In a decisive move to ensure the stability and reliability of digital banking services, the Monetary Authority of Singapore (MAS) has enforced a six-month moratorium on non-essential IT modifications for DBS Bank Ltd. Furthermore, the bank is prohibited from pursuing new business expansions and downsizing its existing branch and ATM operations in Singapore during this period. This decision was made in the wake of persistent service disruptions experienced by DBS Bank this year.
Earlier in April, MAS instructed DBS Bank to commission an impartial third-party assessment of its digital banking support structures. The evaluation highlighted several areas of concern, including System durability, Incident resolution, Change administration and Tech risk governance and supervision.
In response, DBS Bank has devised a phased technology resilience strategy to rectify these issues, enhance its digital service robustness, and ensure preparedness for future digital banking demands. Notably, modifications to its system design will require an extended execution period.
Upon scrutinizing DBS Bank’s corrective action plan, MAS expressed contentment regarding its comprehensiveness and the proactive steps slated to enhance system robustness. The bank’s senior management will be held accountable for any past shortcomings, and the board will amplify its governance model to monitor the roadmap’s execution.
For the next six months, MAS mandates that DBS Bank halts all IT system alterations, barring those related to security, regulatory adherence, and risk management. This step is pivotal to ensure the bank dedicates substantial resources to fortifying its tech risk management frameworks. During this interval, MAS will also withhold approval for any of DBS Bank’s new business proposals.
To safeguard customers and provide alternative transaction methods in case of future digital service hiccups, MAS has also directed the bank to maintain its current branch and ATM dimensions until DBS’s recovery plan shows satisfactory advancement.

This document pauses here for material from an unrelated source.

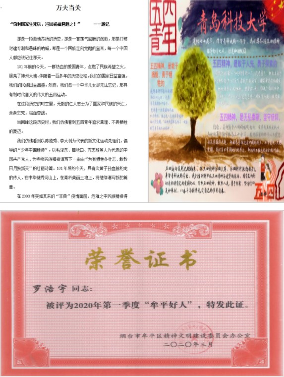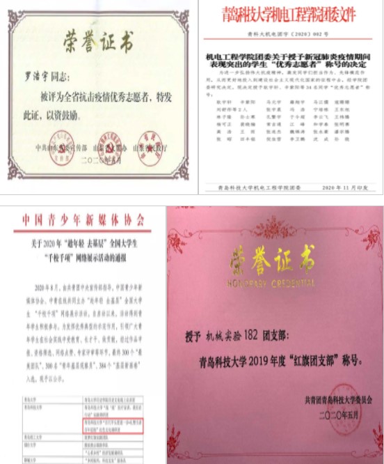 ■新冠肺炎疫情发生以来,来自各行各业的志愿者活跃在疫情防控第一线,新冠肺炎疫情发生以来,机电学子为疫情防控作出极大贡献,罗浩宇荣获山东省大学生“青春贡献奖”,并被授予“牟平好人”和山东省抗疫优秀志愿者称号,耿宇轩荣获团中央暑期三下乡“千校千项”最美团队

MAS plans to evaluate DBS Bank’s remediation endeavors after six months. Depending on the progress, MAS may consider extending or adjusting the imposed measures. Presently, MAS has retained a 1.8x multiplier on DBS Bank’s risk-weighted assets for operational risk, instated post the incidents of March and May 2023.
It is projected to take DBS Bank approximately two years to implement all the structural modifications for bolstering its digital banking service resilience. Despite these efforts, the possibility of sporadic disruptions remains. During such occurrences, MAS anticipates swift service recovery from DBS Bank, accompanied by clear and prompt customer communication.
Ms Ho Hern Shin, MAS’s Deputy Managing Director (Financial Supervision), remarked, “DBS needs to promptly implement measures to assure consistent service while concurrently fortifying its operational fortitude. This six-month hiatus provides the bank with the requisite window to uphold and reinforce customer confidence.”